2 Boston Children’s Hospital, Harvard Medical School, Harvard T.H. Chan School of Public Health, Boston, MA, USA

Avoidable systematic differences in health status of different population groups are called health inequalities. They cause significant social and economic costs to both individuals and societies (1, 2).

For example, life expectancy at birth among Canadian First Nation Population is lower (73 for males and 78 for females) than that of total Canadian population (79 and 83, respectively, projected for 2017) according to Statistics Canada (3). In this commentary, we used Canadian First Nation Population, coastal residents and Native American population who self-harvest as example. 
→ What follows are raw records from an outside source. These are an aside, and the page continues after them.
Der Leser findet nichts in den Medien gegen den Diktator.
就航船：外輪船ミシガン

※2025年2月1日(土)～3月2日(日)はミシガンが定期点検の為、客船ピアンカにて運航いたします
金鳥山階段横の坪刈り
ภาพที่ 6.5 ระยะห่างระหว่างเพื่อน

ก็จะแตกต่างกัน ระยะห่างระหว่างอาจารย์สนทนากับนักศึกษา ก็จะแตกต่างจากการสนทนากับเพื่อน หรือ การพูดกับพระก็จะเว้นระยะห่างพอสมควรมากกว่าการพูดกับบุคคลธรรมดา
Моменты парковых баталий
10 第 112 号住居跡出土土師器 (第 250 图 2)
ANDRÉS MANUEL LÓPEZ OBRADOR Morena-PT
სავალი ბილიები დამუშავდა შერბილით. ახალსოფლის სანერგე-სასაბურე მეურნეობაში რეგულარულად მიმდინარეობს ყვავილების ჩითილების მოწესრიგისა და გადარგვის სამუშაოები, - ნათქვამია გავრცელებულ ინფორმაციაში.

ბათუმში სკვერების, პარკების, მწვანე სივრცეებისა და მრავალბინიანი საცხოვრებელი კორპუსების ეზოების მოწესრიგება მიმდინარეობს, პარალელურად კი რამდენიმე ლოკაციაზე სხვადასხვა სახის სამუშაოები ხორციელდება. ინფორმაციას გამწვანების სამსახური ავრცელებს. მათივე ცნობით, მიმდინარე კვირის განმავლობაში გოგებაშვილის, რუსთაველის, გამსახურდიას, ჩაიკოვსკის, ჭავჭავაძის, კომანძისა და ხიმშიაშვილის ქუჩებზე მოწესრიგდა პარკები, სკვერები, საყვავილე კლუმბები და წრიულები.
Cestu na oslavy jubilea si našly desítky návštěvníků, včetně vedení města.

Toxicology regulation could be considered as a determinant of health, as policies introduced by regulatory toxicology agencies influence health services and are effective at the community level. These policies, however, could be distributed differently among the subgroups of the populations in a systematic manner, which may be a source of inequality.
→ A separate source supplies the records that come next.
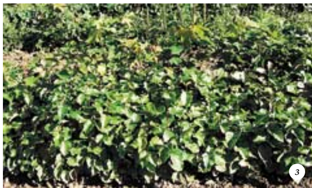
Выращивание березы бородавчатой и серой ольхи: а — смесь семян березы с семенными чешуями (стрелочкой обозначена одна из чешуй); б — всходы березы недельного возраста; в — всходы серой ольхи недельного возраста; г — всходы-дички березы на обочине шоссе; д — всходы березы через месяц после посева семян; е — всходы ольхи через месяц после посева семян; ж — сеянцы березы первого года жизни в середине лета; з — сеянцы березы первого года жизни в начале осени (на среднем плане видны сеянцы ольхи)
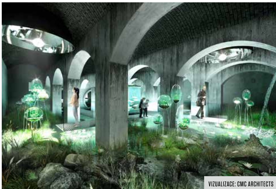
VIZUALIZACE: CMC ARCHITECTS

„Tento projekt umožní představit školám, školkám i široké veřejnosti hospodaření s vodou moderní formou.“ uvedl Petr
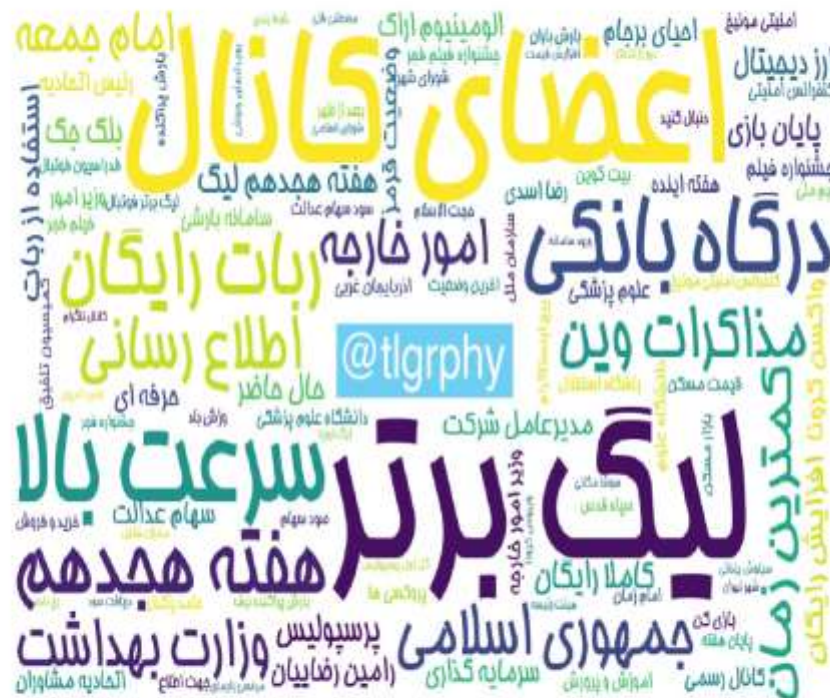
ابرواژه مطالب کانال‌های فارسی تلگرام در ۲۴ ساعت گذشته (برحسب تعداد مطالب)
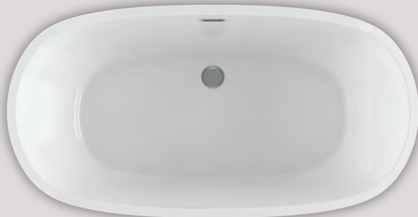
VIBE OVAL 5830 (AUTOPORTANT)
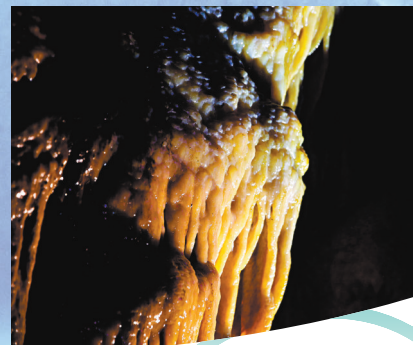
◀發育初期的溶洞景觀。
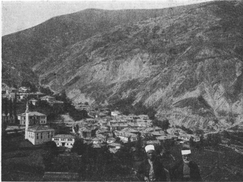
Selo Žernonica (muslimansko, torbeško, t. j. poturčenjačko selo; spreda 2 hodže, učitelji u tom selu iz porodice Popović).

Isprva su Mijaci bili jako ratničko pleme. Živeli su na visijama i zanimali se stočarstvom, ili su stoku plenili od Kucovlaha. To nam svedoče i mnoge narodne pesme i predanja. Poznata je pesma o Čelnik Peji: »Zacvilela mi ovca roguša, na vrh planine, na sred ramnina«. Ta je ovca cvilela za svojim gospodarom, ko ga su ubili, ogromno mu stado razgrabili, a ovčare poubijali. Mijaci su se tada protezali na mnogo većem prostoru no sada, ali uvek po visijama. Ima tragova da su stanovali na planini Jablanici, kod Elbasana, prema Golom Brdu u Bulčici. Kao dokaz mogu da nam posluže ovi primeri:
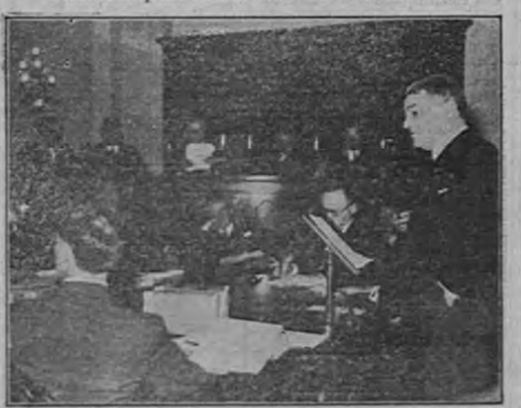
El Comité de medio y árbitros de la Cámara de Representantes en los Estados Unidos debate arduamente varias proposiciones para regular la cerveza y los vinos ligeros en la nación seca.

Por el Profesor ARGOS Exclusivo para el DIARIO DE COSTA RICA
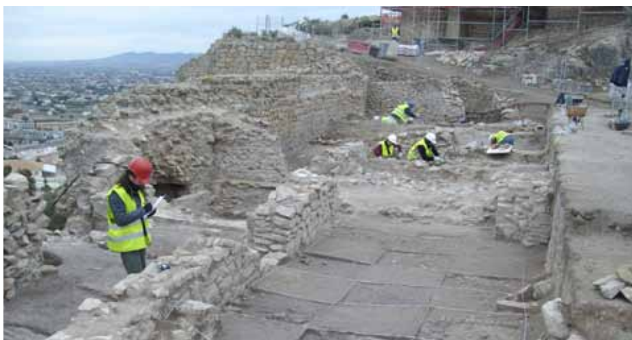
Lámina 5. Excavaciones arqueológicas de 2011 en el sector A.2.1, junto a la puerta del Pescado.

Durante el desarrollo de todas estas actuaciones arqueológicas tuvo lugar, de forma paralela, toda una labor de consolidación y puesta en valor del yacimiento (Lám. 6), canalizada mediante varios proyectos de corta duración que abordaron cada uno de los sectores una vez que los trabajos de investigación arqueológica hubieron concluido 7 . Igualmente, se desarrolló un plan específico de difusión, con el objetivo de superar los círculos académicos mediante una serie de encuentros públicos de difusión (conferencias y charlas impartidas por los responsables del proyecto), a través del uso de los recursos de Internet ( Twitter , Facebook y una página web propia, www.castillodelorca.com ) o, muy especialmente, mediante el plan de visitas denominado “Abierto por excavación” 8 .

Consumption of home grown or self-harvested foods can result in exposure to various chemicals but such contaminant levels in these products are often not monitored by inspection agencies (4). To date, many drivers of health inequality have been defined, such as gender, race and economic growth. However, no literature is available on “inequality” and “potential food toxicity”.  We argue in this editorial that while all population including Canadian First Nation Population, Coastal Residents and Native American population groups are benefitted from implementing new toxicology regulations, the magnitude of health inequalities might increase for some minority groups.  
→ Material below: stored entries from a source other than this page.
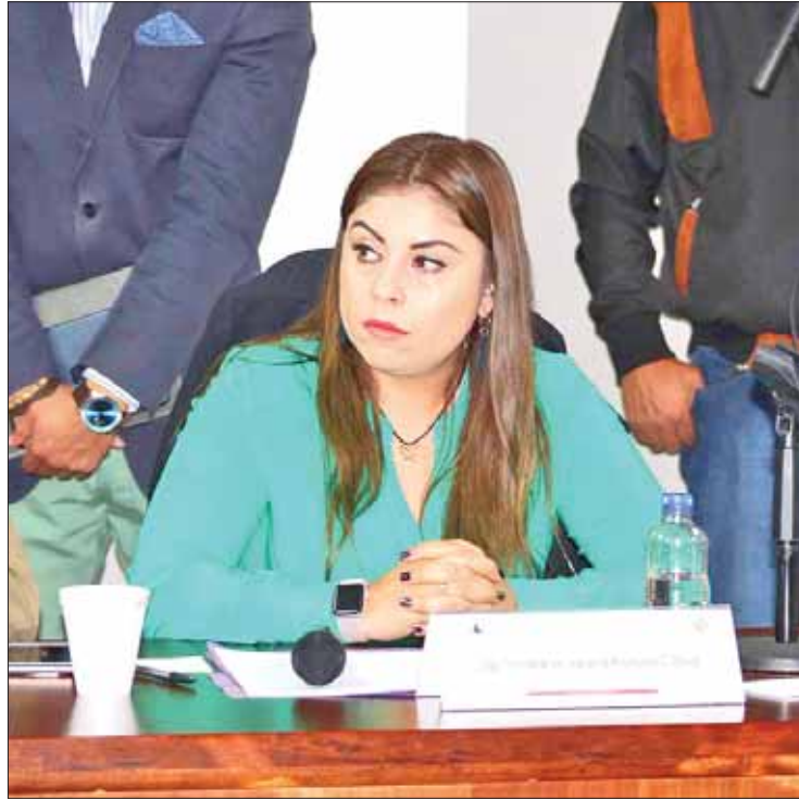
PANORAMAS. Enfatiza diputada que el Congreso jamás realizó acusación o señalamiento en contra del presidente del patronato de la universidad y mucho menos se le pidió a alguna autoridad local o federal encargada de la impartición de justicia, que sea a través de la Legislatura donde se desahoguen los hechos.

Agregó que el Congreso no es un órgano que litigue asuntos de este tema, sino legisladores, por ende la reunión más allá de abonar al tema, entorpece el debido proceso entre la guerra de declaraciones.
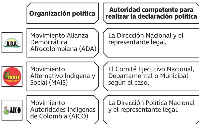
Tabla 2. Órganos partidarios competentes para realizar declaraciones políticas 2

De acuerdo con los estatutos de las organizaciones políticas registrados ante el CNE, estos son los órganos e instancias competentes para efectuar las declaraciones políticas en el nivel nacional y en el territorial:
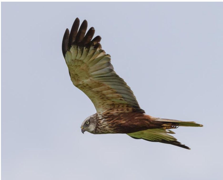
Bruine Kiekendief

Nabij Westerland worden we verrast door een vrouwtje gekraagde roodstaart, die hebben we toch echt niet jaarlijks! Op het Amstelmeer zien we vijf zwarte sterns foerageren en een dodaars. Voor die laatste soort moeten we vaak naar het zuiden van de Wieringermeer, des te verrassender dat we er hier één zien. We maken een rondje om het Amstelmeer en dat levert een tafeleend op. Ook deze soort zien we meestal alleen in het zuiden van de Wieringermeer. Hier dan ook eindelijk een bruine kiekendief.
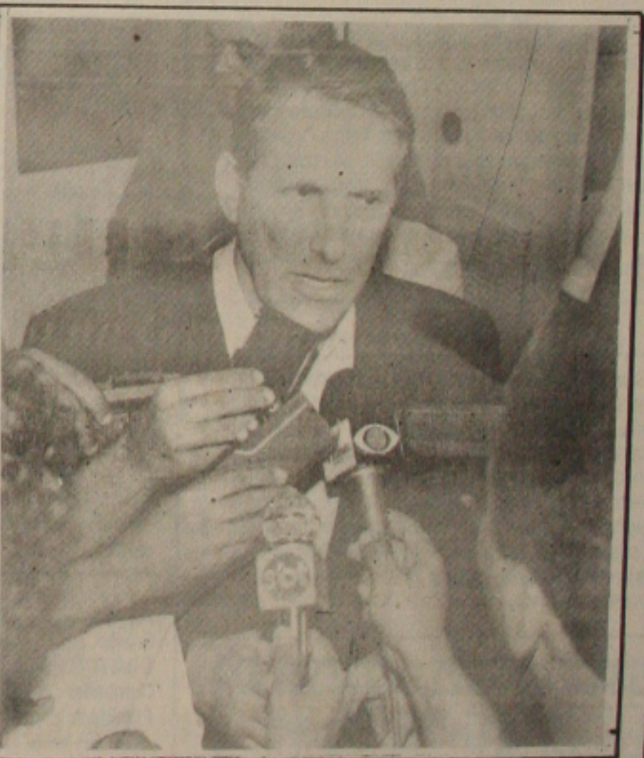
Quéricia: crime de estelionato

Health Canada has set a maximum level of 0.5 mg/kg (50 ppm) in the edible portion of all retail fish, subject to some exceptions (5). This level is applied to commercial fish and enforced by the inspection agencies. However, fish consumption advisories that reduce the risk borne by the general population might not provide much health benefit to subsistence fishermen, which include First Nation (Native American) populations. 

In another example, and following an outbreak of amnesic shellfish poisoning (ASP) in Canada in 1987, which is related to high exposure to Domoic acid (DA), a neurotoxin,regulations were put in place in North America, limiting the concentration of Domoic acid to 20 ppm in commercial shellfish products (6, 7).  

Prior to the promulgation of regulations limiting mercury or DA concentrations in fish and shellfish, the general population consuming commercial products and the Native American-First Nation population, largely consuming self-harvested products, were at similar risk of exposure to these contaminants. Limiting mercury concentration to 50 ppm and DA concentration to 20 ppm in commercial products thus protects the general population, a step that certainly should be celebrated. First Nation population, who mainly self-harvest, did not benefit from this protection, thus increasing the health inequalities with regard to exposure to seafood contaminants (8).

These examples show that (i) inequality exists regarding potential food toxicities and (ii) a new regulation can create or exacerbate health inequalities. We suggest the need to consider the impact on potential health inequalities as part of the deliberations on new toxicology regulations. As different subgroups of population might be affected by a new regulation to a different extend, strategies should be considered to insure that increased health inequalities do not result.

In case of First Nation populations and subsistence fisherman, and while they are generally benefitted from implementing new regulations on contaminant concentrations of commercial foods, a subset of the population who self-harvest may not be benefitted equally. We would like to suggest including educational materials and guidance for self-harvesters; a recommendation that should go to all new regulatory toxicology guidelines.

The proposed dimension adds to the current higher burden of adverse effects from contamination to land and waterways that are caused by industry on First Nations’ territories and coastal areas.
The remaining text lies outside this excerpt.